»»

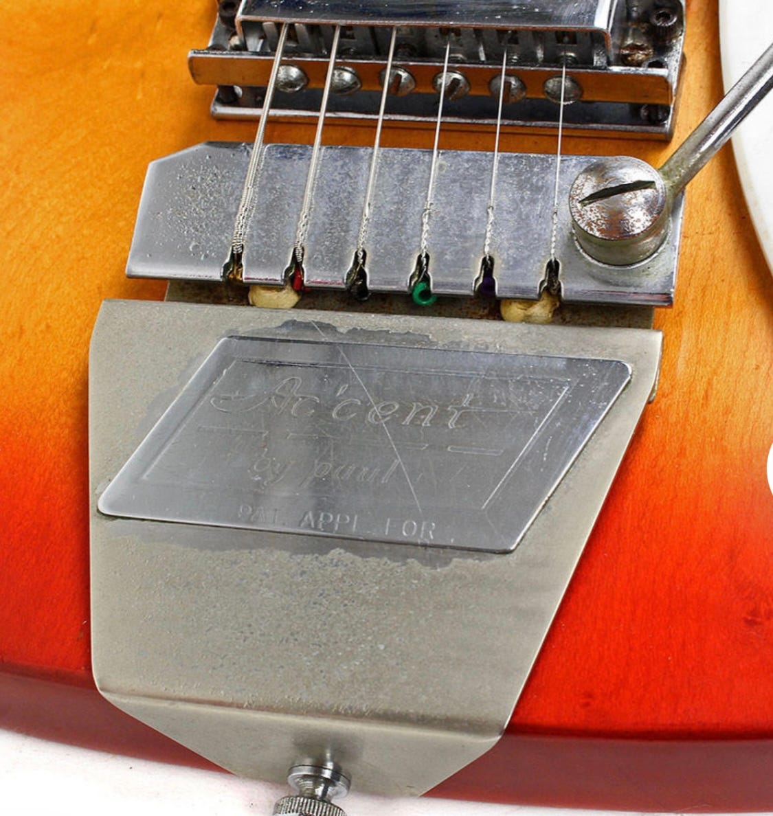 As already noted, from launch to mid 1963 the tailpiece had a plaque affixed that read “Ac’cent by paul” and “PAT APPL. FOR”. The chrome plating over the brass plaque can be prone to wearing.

««
»»

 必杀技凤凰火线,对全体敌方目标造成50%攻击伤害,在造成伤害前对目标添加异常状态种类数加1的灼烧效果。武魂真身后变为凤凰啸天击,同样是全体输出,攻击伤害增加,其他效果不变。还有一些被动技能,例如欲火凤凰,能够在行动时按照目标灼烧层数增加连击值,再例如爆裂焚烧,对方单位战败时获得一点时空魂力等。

««
»»

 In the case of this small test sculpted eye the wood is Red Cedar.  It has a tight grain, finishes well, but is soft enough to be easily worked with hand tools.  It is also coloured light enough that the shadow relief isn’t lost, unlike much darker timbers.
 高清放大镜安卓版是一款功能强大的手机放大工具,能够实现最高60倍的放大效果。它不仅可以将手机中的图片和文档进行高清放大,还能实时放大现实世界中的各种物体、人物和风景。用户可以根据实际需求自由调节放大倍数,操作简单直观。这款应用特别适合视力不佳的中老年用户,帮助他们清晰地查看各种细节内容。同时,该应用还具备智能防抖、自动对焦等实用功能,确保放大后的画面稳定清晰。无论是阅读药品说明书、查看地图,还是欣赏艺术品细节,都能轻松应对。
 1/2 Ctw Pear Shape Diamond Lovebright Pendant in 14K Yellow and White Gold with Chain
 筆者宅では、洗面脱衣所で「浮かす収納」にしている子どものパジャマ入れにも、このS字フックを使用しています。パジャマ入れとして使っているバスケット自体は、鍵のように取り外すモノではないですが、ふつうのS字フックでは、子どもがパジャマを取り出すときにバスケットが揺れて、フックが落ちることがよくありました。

««

**EXERCISE AIM:** Please show, exactly as written, every line above that contains the word "with".

**SOLUTION FOR THIS PROBLEM:**
 In the case of this small test sculpted eye the wood is Red Cedar.  It has a tight grain, finishes well, but is soft enough to be easily worked with hand tools.  It is also coloured light enough that the shadow relief isn’t lost, unlike much darker timbers.
 1/2 Ctw Pear Shape Diamond Lovebright Pendant in 14K Yellow and White Gold with Chain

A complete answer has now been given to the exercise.